Oleh karenanya P2KP sendiri merupakan sekaligus sebagai suatu program penanggulangan kemiskinan di perkotaan yang mendudukkan masyarakat sebagai pelaku utamanya melalui partisipasi aktif. Partisipasi dalam hal ini dilakukan secara partisipatif dalam tiat-tiap langkah pelaksanaan P2KP, atau lebih dikenal dengan siklus P2KP, yakni dimulai dari siklus/tahap Rembuk Kesiapan Masyarakat hingga Pemanfaatan Dana Bantuan Langsung Tunai. Adapun salah satu tahap yang paling mendominasi unsur partisipasi di dalamnya yakni tahap Pengembangan Kelompok Swadaya Masyarakat (KSM).

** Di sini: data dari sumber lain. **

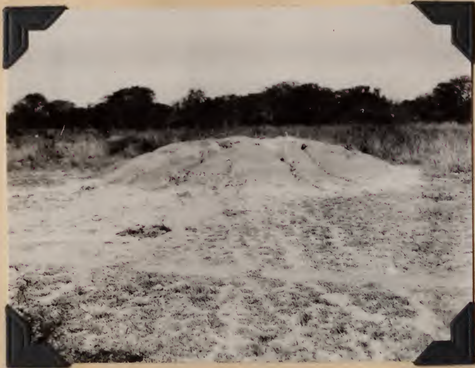
B.S. 21954. Large ant's nest. Las Palmas, Chaco, Argentina. July 13, 1920.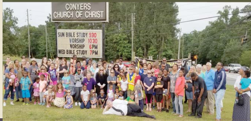
Thank you to all those that made it happen!!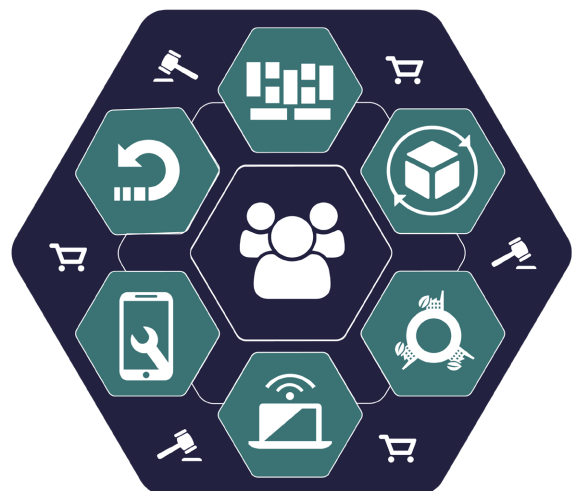
The CE-readiness app is a new tool for companies to ease their transition to circular economy.

make a difference for a company because they are relevant and based on real life experiences. So we hope and believe that the same results can be obtained with MATChE and Danish companies’ engagement in circular economy.”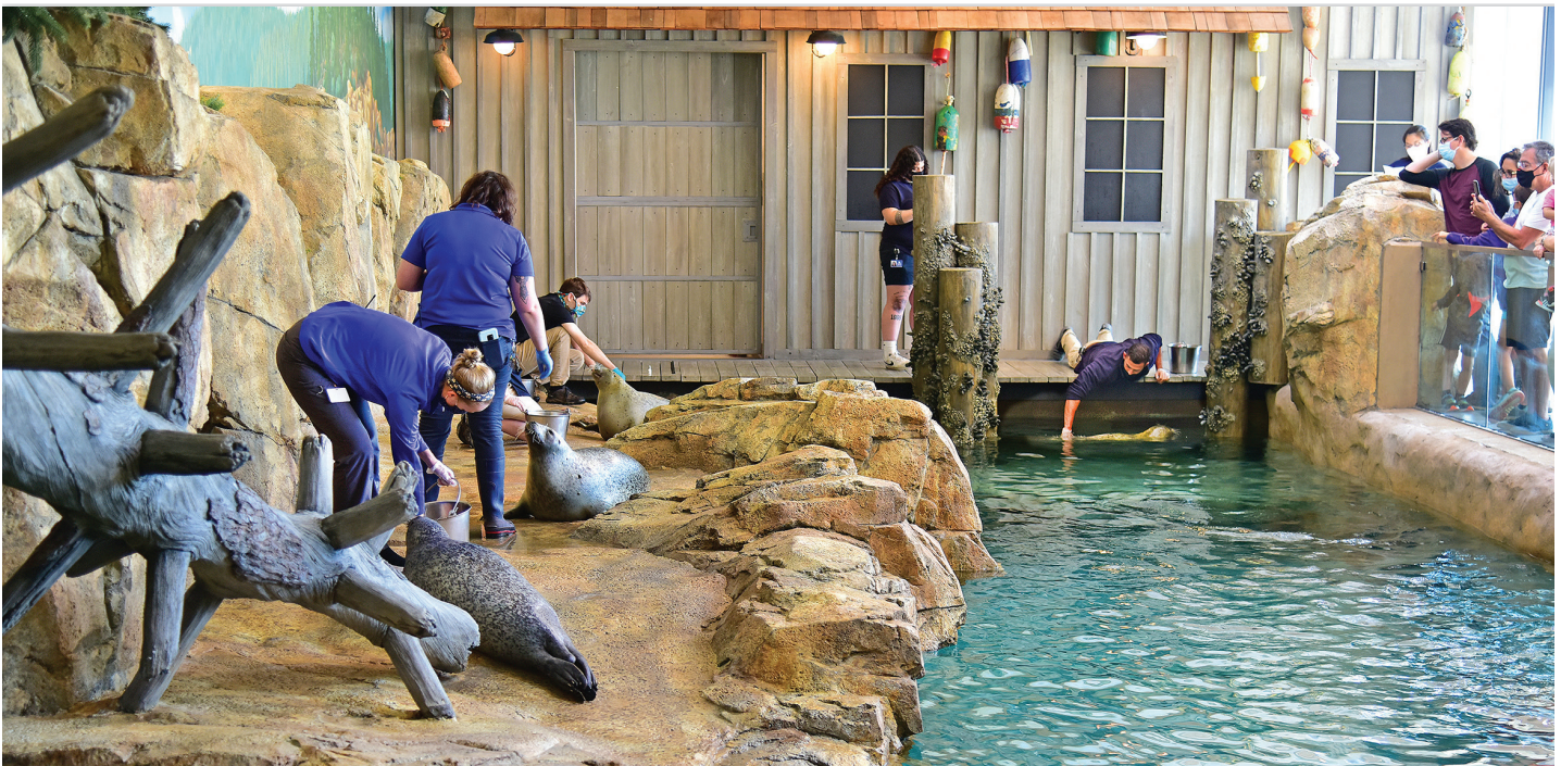
Maritime Aquarium at Norwalk Addition and Renovation • CM/GC: MID-SIZE RENOVATION

Pada hakekatnya, Kelompok Swadaya Masyarakat (KSM) didefenisikan sebagai kumpulan orang yang menyatukan diri secara sukarela dalam kelompok dikarenakan adanya ikatan pemersatu, yaitu adanya kepentingan dan kebutuhan yang sama, sehingga dalam kelompok tersebut memiliki kesamaan tujuan yang ingin di capai bersama. Sedangkan KSM dalam rangka P2KP, keberadaan sekumpulan warga tersebut harus memenuhi kriteria sebagai pemanfaat proyek, serta bertujuan mengatasi berbagai permasalahan kemiskinan yang menyangkut sarana dan prasarana dasar pengembangan SDM serta pengembangan ekonomi.

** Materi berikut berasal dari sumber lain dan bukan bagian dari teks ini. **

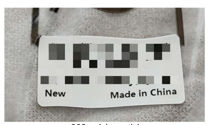
009 polybag sticker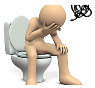
Early Signs Of Ulcerative Colitis. See About Symptoms & Treatments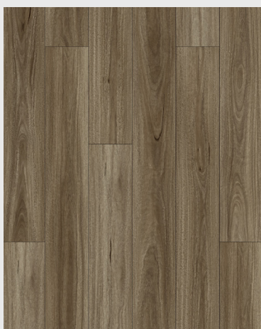
WF808 Spotted Gum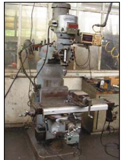
Bridgeport Vertical Mill

LEASE/ FINANCING AVAILABLE DIRECT FROM BIDITUP Capital Corporation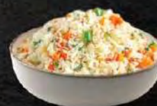
EGG FRIED RICE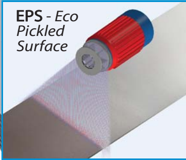
EPS - Eco Pickled Surface

The Flat Rolled Steel Sheet Product That Outperforms Acid Pickled, Dry or Oiled, Plus Hot Roll Black And SCS GUARANTEED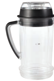
1 SouperBlast Pitcher with 2-piece Lid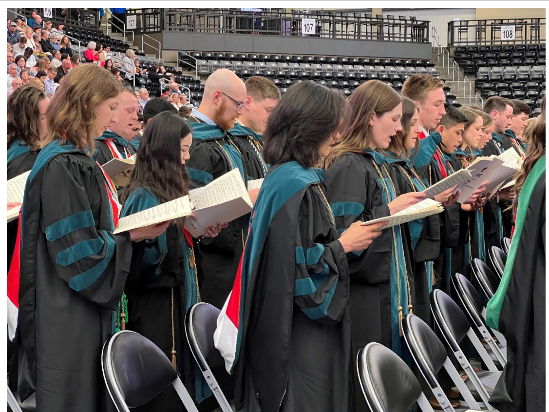
Members of the UNMC Physical Therapy Program's Class of 2023 on Friday, May 5, 2023.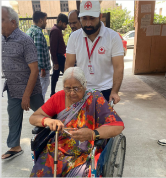
Volunteers from Haryana State Branch rendered their selfless services during Haryana Assembly Elections. They provided assistance to the senior citizens and physically challenged persons during this period.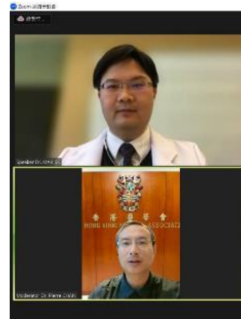
CME lecture on "Management of Erectile Dysfunction & Premature Ejaculation"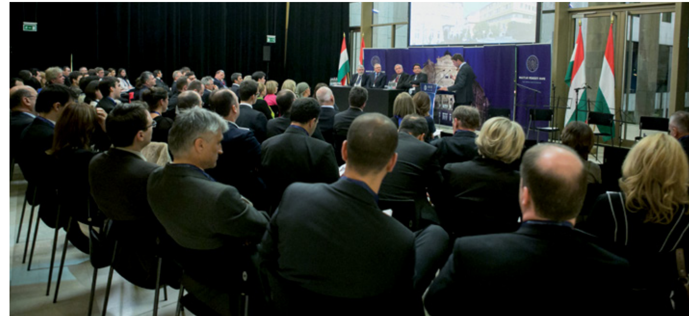
Lecture at an event organised by MNB Klub

Berkaitan dengan konsep diatas, P2KP yang mengedepankan pola pendekatan yang bertumpu pada aspirasi masyarakat ini dalam pelaksanaannya juga dijadikan sebagai pengalaman baru bagi Kelurahan Rambung. Kelurahan Rambung yang terdiri dari sepuluh lingkungan ini, menyikapi program tersebut bukan semata-mata agar dapat memperoleh dan memanfaatkan dana Bantuan Langsung Masyarakat (BLM) P2KP dalam rangka penanggulangan kemiskinan, namun kembali lagi sembari ditekankan kepada proses pembelajaran kritis masyarakat dalam menentukan sendiri kebutuhan dan pemecahan masalahnya serta tumbuh kepercayaan diri bahwa masyarakat mampu melaksanakan penyusunan suatu program.

Terdapatnya berbagai kendala yang terjadi dalam pelaksanaan siklus P2KP itu sendiri, menjadikan peneliti tertarik untuk mengetahui bagaimana sebenarnya keberlangsungan dari pelaksanaan partisipasi masyarakat dalam P2KP Kelurahan Rambung serta hasil akhirnya dan bagaimanakah bentuk partisipasi masyarakat didalamnya. Untuk itu peneliti dalam hal ini memfokuskan diri melihat lebih jauh berlangsungnya tahap Kelompok Swadaya Masyarakat (KSM) pada P2KP Kelurahan Rambung sehubungan dengan berjalannya tahap tersebut berkenaan dengan proses penelitian yang dilakukan.